(Collection entries)

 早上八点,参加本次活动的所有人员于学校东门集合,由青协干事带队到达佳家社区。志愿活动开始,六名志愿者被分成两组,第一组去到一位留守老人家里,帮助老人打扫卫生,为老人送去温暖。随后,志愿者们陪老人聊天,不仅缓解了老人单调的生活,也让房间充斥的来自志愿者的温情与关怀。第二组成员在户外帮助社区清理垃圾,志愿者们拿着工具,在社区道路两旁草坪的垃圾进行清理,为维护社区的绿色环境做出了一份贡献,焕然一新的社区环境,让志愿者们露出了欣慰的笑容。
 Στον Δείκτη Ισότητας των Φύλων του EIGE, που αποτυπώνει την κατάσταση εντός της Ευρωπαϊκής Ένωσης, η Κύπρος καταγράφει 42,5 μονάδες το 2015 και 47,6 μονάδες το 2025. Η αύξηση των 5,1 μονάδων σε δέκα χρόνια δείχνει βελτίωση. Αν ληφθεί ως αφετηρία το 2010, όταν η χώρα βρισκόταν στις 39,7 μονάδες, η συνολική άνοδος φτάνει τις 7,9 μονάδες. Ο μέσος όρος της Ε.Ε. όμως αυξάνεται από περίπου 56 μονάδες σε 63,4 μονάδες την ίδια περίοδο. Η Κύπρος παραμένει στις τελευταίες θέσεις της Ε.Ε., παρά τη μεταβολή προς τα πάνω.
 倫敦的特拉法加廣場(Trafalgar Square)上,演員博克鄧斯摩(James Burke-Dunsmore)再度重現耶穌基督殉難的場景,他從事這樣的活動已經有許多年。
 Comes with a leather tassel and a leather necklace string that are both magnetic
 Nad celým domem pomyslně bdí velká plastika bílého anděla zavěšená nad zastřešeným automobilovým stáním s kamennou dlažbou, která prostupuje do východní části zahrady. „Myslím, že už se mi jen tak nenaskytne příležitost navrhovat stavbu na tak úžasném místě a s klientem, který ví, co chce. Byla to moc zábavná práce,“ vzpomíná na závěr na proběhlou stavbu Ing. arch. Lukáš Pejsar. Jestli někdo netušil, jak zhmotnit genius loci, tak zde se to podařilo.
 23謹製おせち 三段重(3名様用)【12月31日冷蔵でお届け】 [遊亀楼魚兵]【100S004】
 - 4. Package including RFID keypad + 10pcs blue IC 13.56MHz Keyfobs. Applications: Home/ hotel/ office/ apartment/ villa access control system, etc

--- Exercise goal ---
The entries shown above must be reproduced in full, exactly as written.

--- Answer below ---
 早上八点,参加本次活动的所有人员于学校东门集合,由青协干事带队到达佳家社区。志愿活动开始,六名志愿者被分成两组,第一组去到一位留守老人家里,帮助老人打扫卫生,为老人送去温暖。随后,志愿者们陪老人聊天,不仅缓解了老人单调的生活,也让房间充斥的来自志愿者的温情与关怀。第二组成员在户外帮助社区清理垃圾,志愿者们拿着工具,在社区道路两旁草坪的垃圾进行清理,为维护社区的绿色环境做出了一份贡献,焕然一新的社区环境,让志愿者们露出了欣慰的笑容。
 Στον Δείκτη Ισότητας των Φύλων του EIGE, που αποτυπώνει την κατάσταση εντός της Ευρωπαϊκής Ένωσης, η Κύπρος καταγράφει 42,5 μονάδες το 2015 και 47,6 μονάδες το 2025. Η αύξηση των 5,1 μονάδων σε δέκα χρόνια δείχνει βελτίωση. Αν ληφθεί ως αφετηρία το 2010, όταν η χώρα βρισκόταν στις 39,7 μονάδες, η συνολική άνοδος φτάνει τις 7,9 μονάδες. Ο μέσος όρος της Ε.Ε. όμως αυξάνεται από περίπου 56 μονάδες σε 63,4 μονάδες την ίδια περίοδο. Η Κύπρος παραμένει στις τελευταίες θέσεις της Ε.Ε., παρά τη μεταβολή προς τα πάνω.
 倫敦的特拉法加廣場(Trafalgar Square)上,演員博克鄧斯摩(James Burke-Dunsmore)再度重現耶穌基督殉難的場景,他從事這樣的活動已經有許多年。
 Comes with a leather tassel and a leather necklace string that are both magnetic
 Nad celým domem pomyslně bdí velká plastika bílého anděla zavěšená nad zastřešeným automobilovým stáním s kamennou dlažbou, která prostupuje do východní části zahrady. „Myslím, že už se mi jen tak nenaskytne příležitost navrhovat stavbu na tak úžasném místě a s klientem, který ví, co chce. Byla to moc zábavná práce,“ vzpomíná na závěr na proběhlou stavbu Ing. arch. Lukáš Pejsar. Jestli někdo netušil, jak zhmotnit genius loci, tak zde se to podařilo.
 23謹製おせち 三段重(3名様用)【12月31日冷蔵でお届け】 [遊亀楼魚兵]【100S004】
 - 4. Package including RFID keypad + 10pcs blue IC 13.56MHz Keyfobs. Applications: Home/ hotel/ office/ apartment/ villa access control system, etc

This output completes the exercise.